A wood-derived hierarchically porous monolithic carbon matrix embedded with Co nanoparticles as an advanced electrocatalyst for water splitting

Abstract

The rational design and development of advanced electrocatalysts for water splitting based on porous monolithic carbon as a host matrix of earth-abundant transition metals (TMs) is highly desirable and actively pursued owing to their promising practical applications, but remains a grand challenge. Herein, a wood-derived N-doped hierarchically porous monolithic carbon (N-HPMC) matrix embedded with Co nanoparticles (Co@N-HPMC) is fabricated by direct two-step carbonization of natural wood (NW) loaded with Co/CoO_x. The monolithic N-HPMC matrix has numerous aligned and open microchannels, abundant porosity, and high conductivity, which afford rapid electron transfer and mass transport, while the embedded Co nanoparticles (Co NPs) have high dispersion and a strong synergistic interaction with the N-HPMC matrix, which offer an abundance of highly active sites.
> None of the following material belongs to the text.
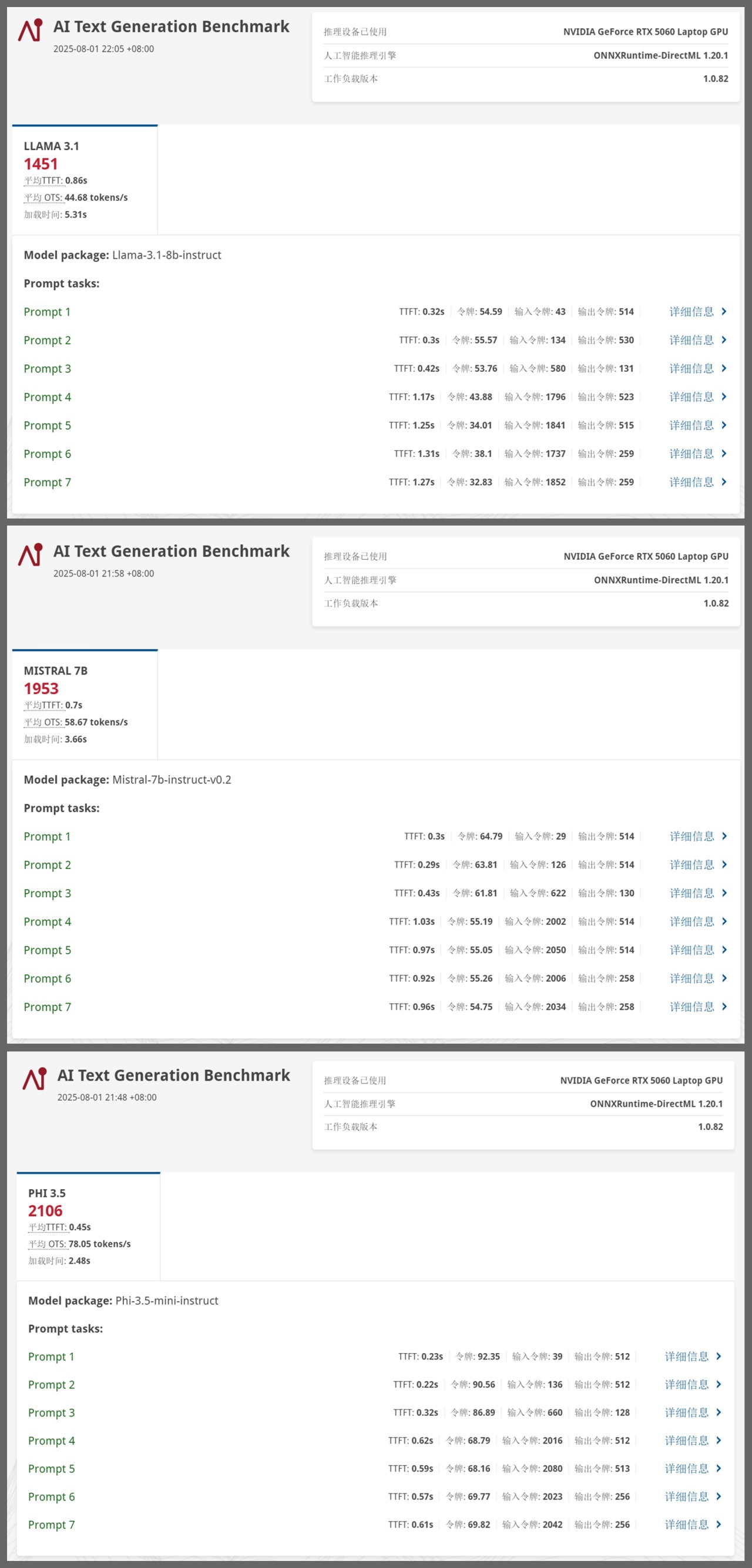 然后在【AI 大语言模型】测试套件中,PHI3.5 模型得分 2106 分,平均 TTFT 0.45s,平均 OTS 78.05 token/s,加载时间 2.48s;MISTRAL 7B 模型得分 1953 分,平均 TTFT 0.7s,平均 OTS 58.67 token/s,加载时间 3.66s;LLAMA 3.1 模型得分 1451 分,平均 TTFT 0.86s,平均 OTS 44.68 token/s,加载时间 5.31s。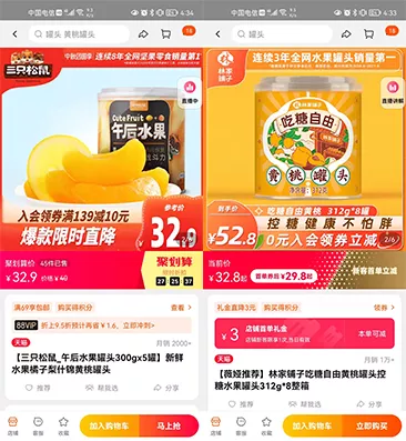帶着這些商標到淘寶上去看看,相同的黃桃罐頭,林家鋪子312g*8罐當前價僅為32.8元;而三隻松鼠300g*5罐,就要32.9元。

As a result, the monolithic Co@N-HPMC electrode exhibits excellent electrocatalytic water splitting performance in 1.0 M KOH, and it requires overpotentials of 128 and 297 mV to reach a current density of 10 mA cm⁻² for the hydrogen evolution reaction (HER) and oxygen evolution reaction (OER), respectively. More notably, an alkaline electrolyzer for overall water splitting (OWS) assembled by employing Co@N-HPMC as both the cathode and anode achieves current densities of 10 and 50 mA cm⁻² at cell voltages of 1.77 and 2.16 V, respectively. This study provides an effective strategy to fabricate noble-metal-free high-performance monolithic electrocatalysts for commercial applications.